Re: [LSF/MM/BPF TOPIC] memory persistence over kexec

Jason Gunthorpe <jgg@xxxxxxxx> · Fri, 24 Jan 2025 10:56:31 -0400

On Fri, Jan 24, 2025 at 01:30:52PM +0200, Mike Rapoport wrote:
> Hi Jason,
> 
> On Mon, Jan 20, 2025 at 10:14:27AM -0400, Jason Gunthorpe wrote:
> > On Mon, Jan 20, 2025 at 09:54:15AM +0200, Mike Rapoport wrote:
> > > Hi,
> > > 
> > > I'd like to discuss memory persistence across kexec.
> > > 
> > > Currently there is ongoing work on Kexec HandOver (KHO) [1] that allows
> > > serialization and deserialization of kernel data as well as preserving
> > > arbitrary memory ranges across kexec.
> > > 
> > > In addition, KHO keeps a physically contiguous memory regions that are
> > > guaranteed to not have any memory that KHO would preserve, but still can be
> > > used by the system. The kexeced kernel bootstraps itself using those
> > > regions and sets all handed over memory as in use. KHO users then can
> > > recover their state from the preserved data.

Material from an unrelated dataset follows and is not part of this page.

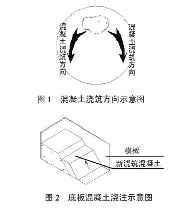 车配合溜槽入模的方式继续浇筑,只允许在环壁与基础底板交接面留水平施工缝,其他部位不允许出现施工缝.
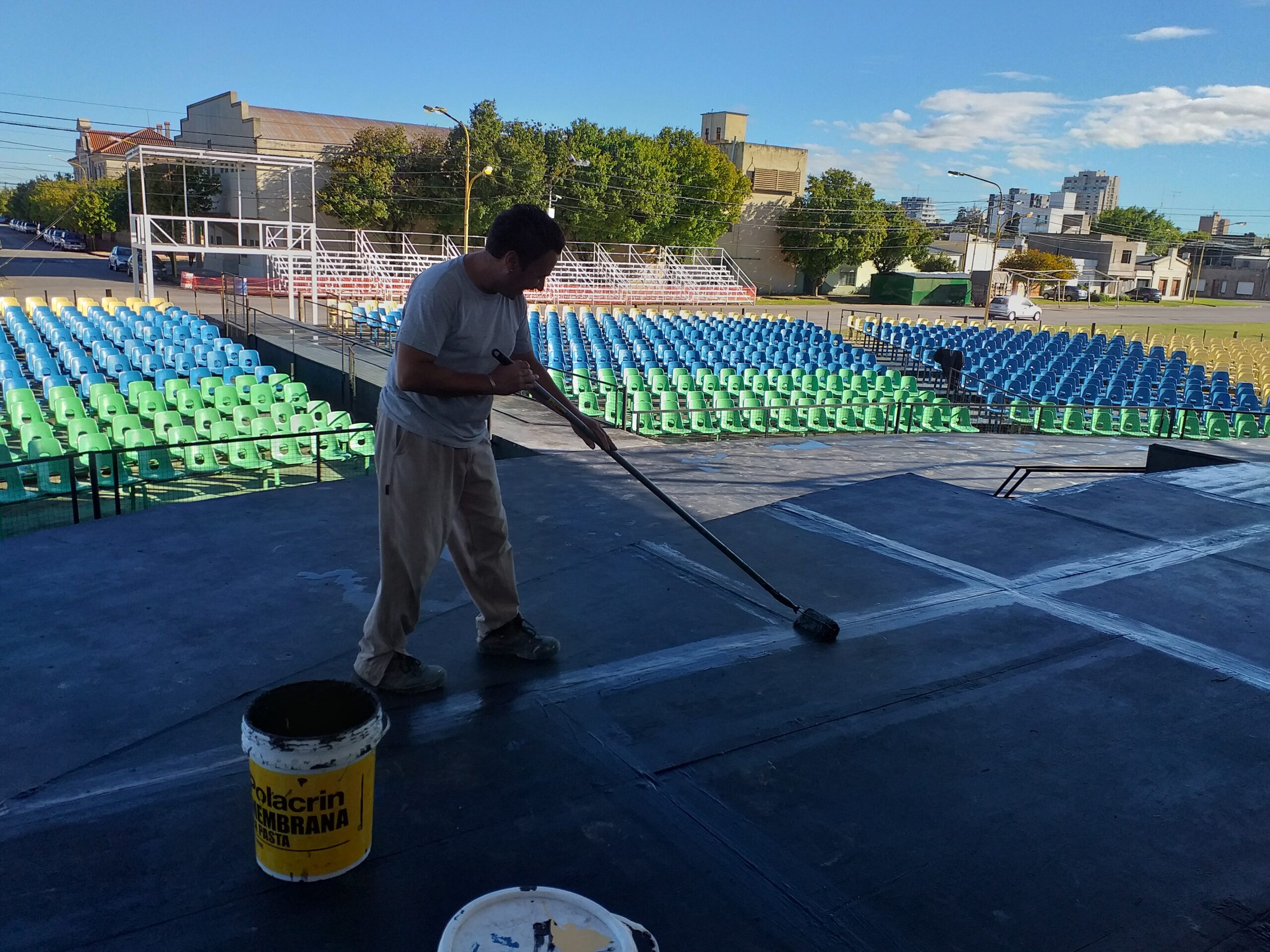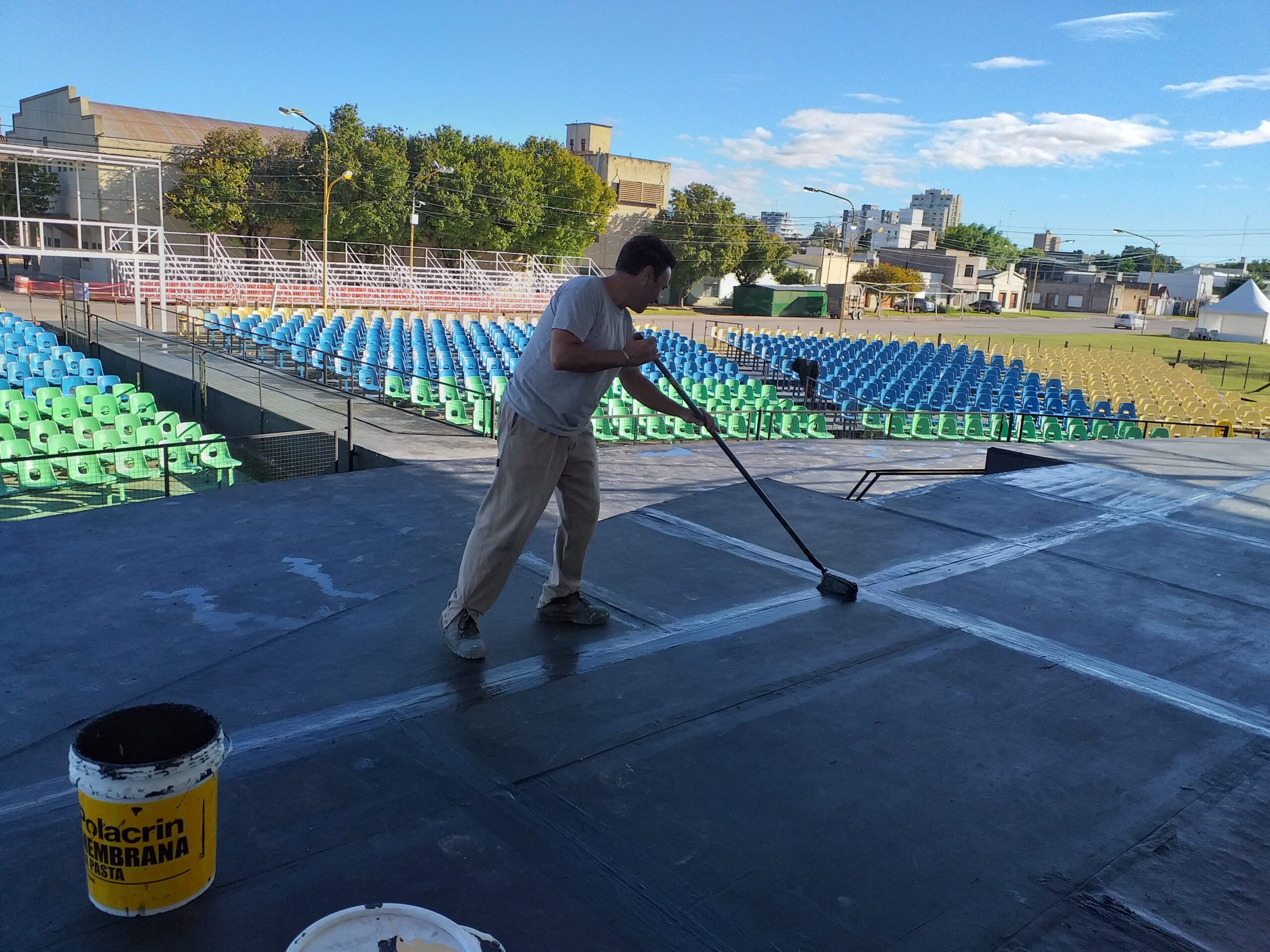 Cuadrillas de las áreas de Paseos Públicos y Electrotecnia prosiguen con el cronograma de tareas sobre el Escenario Mayor Juan Pesalaccia mediante el pintado del mismo.

This includes memory
> > > reservations, where the user can either discard or claim reservations.
> > > 
> > > KHO can be used as the base layer for implementation of persistence-aware
> > > memory allocator and persistent in-memory filesystem.
> > > 
> > > Aside from status update on KHO progress there are a few topics that I would
> > > like to discuss:
> > > * Is it feasible and desirable to enable KHO support in tmpfs and hugetlbfs?
> > > * Or is it better to implement yet another in-memory filesystem dedicated
> > >   for persistence?
> > > * What is the best way to ensure that the memory we want to persist is not
> > >   scattered all over the place?
> > 
> > There is alot of talk about taking *drivers* and having them survive
> > kexec, meaning the driver has to put alot of its state into KHO and
> > then get it back out again.
> > 
> > I've been hoping for a model where a driver can be told to "go to KHO"
> > and the KHO code can be largely contained in the driver and regulated
> > to recording the driver state. This implies the state may be
> > fragmented all over memory.
> 
> I'm not sure I follow what do you mean by "go to KHO" here.

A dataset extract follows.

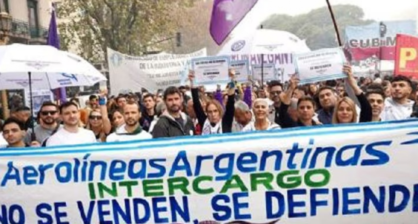Trabajadores aeronáuticos nuclaeados bajo los 5 sindicatos del sector se reúnen en el Congreso para marchar contra la privatización de Aerolíneas Argentinas.
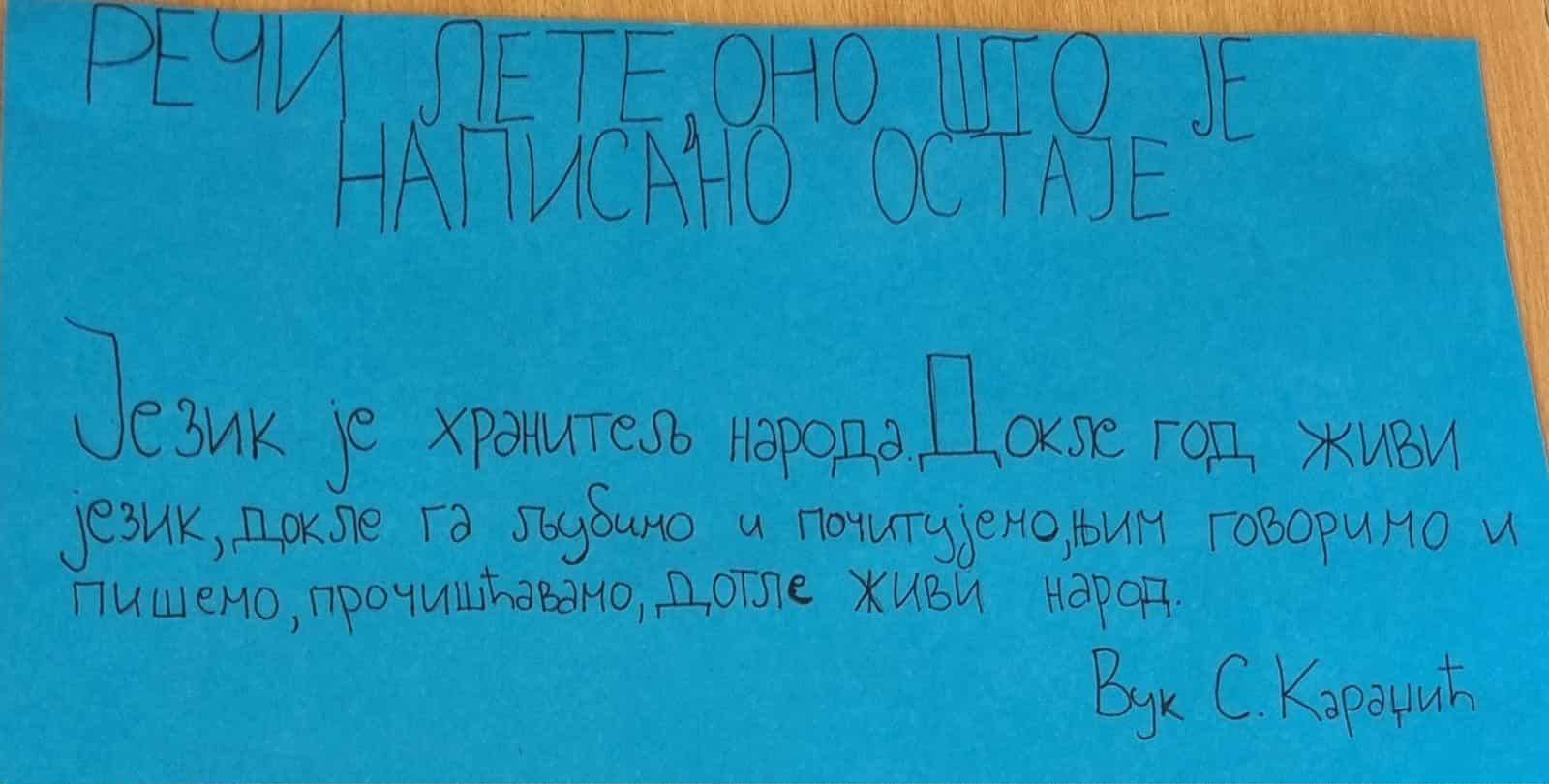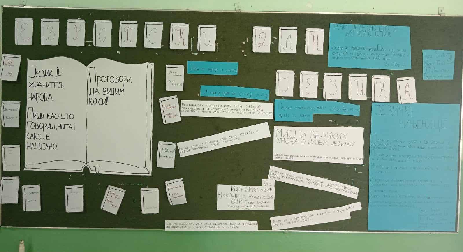 Поводом обележавања Европског дана језика реализоване су различите активности у нашој школи. Циљ тих активности јесте сарадња ученика, упознавање са европском породицом језика чији је саставни део и наш језик. Тим поводом исписали смо по коју реч, реченицу, цитат, мудру мисао. Ученице 7/1, Сташа Вранић и Невена Јовановић, направиле су. паное под називом ,,Језичке чињенице" и ,,Речи лете, оно што је написано остаје." Ученице 7/2, Ивана Марковић и Николина Радојковић, ауторке су паноа под називом ,, Мудре мисли великих умова о нашем језику," а у оквиру пројекта ,,Обогаћен једносменски рад", активност ,,Лепо писање. Писање уз помоћ знакова на путу." Радови су изложени у холу школе. Гордана Денић, наставник српског језика и књижевности

Drawing on our now extensive experiance with PCI device live
migration, I imagine a state progression approximately like:

RUNNING - minimal or no KHO involvement
PREPARE - KHO stuff starts to get ready, preallocations, loading
          successor kernels, etc. No VM degradation
PRE-STOP - KHO gets serious, stuff starts to become unavailable,
           userspace needs to shut things down and get ready. Some
           level of VM degradation - ie changing IOMMU translations
	   may block the VM until CONCLUDE.
STOP - Now you've done it. KHO state is finalized - VMs stop running
KEXEC - Weee - VMs not running
RESUME - Get booted up, get ready to start up the VMs - VM still stopped
POST-RESUME - Start unpacking more stuff from KHO, userspace starts
              bringing back other stuff it may have shutdown. Some
	      level of VM degradation
CONCLUDE - Discard all the remaining KHO stuff. No VM degradation
RUNNING - minimal or no KHO involvment

Each of these states should inform drivers/etc when we reach them, and
the KHO state that will survive the kexec evolves and extends as it
progress.

So "go to KHO" would refer to a driver that is using PREPARE and
PRE-STOP to start moving its functionality from normal memory to KHO
preserved memory, possibly with some functional degradation.

> I believe that ftrace example in Alex's v3 of KHO
> (https://lore.kernel.org/all/20240117144704.602-1-graf@xxxxxxxxxx)
> has enough meat to demonstrate the basic model.

ftrace is just too simple to capture the full complexity of what a
real HW device would need. We've now spent time thinking about what it
would take to make a complex NIC survive kexec and I suggest the above
model for how to approach it.

> > The other direction is that the driver has to start up in some special
> > KHO mode and KHO becomes invasive on all driver paths to use special
> > KHO allocations. This seems like a PITA.
> > 
> > You can see this difference just in the discussion around the iommu
> > serialization where one idea was to have KHO be an integral (and
> > invasive!) part of the page table operations from time zero vs some
> > later serialization at kexec time.
> 
> I didn't follow that discussion closely, but there still should be a step
> when iommu driver would try to deserialize the data and use it if
> deserialization succeeds.

There were two options, one is that the iommu always lives in KHO, the
other is that the iommu moves (ie go to KHO) into KHO.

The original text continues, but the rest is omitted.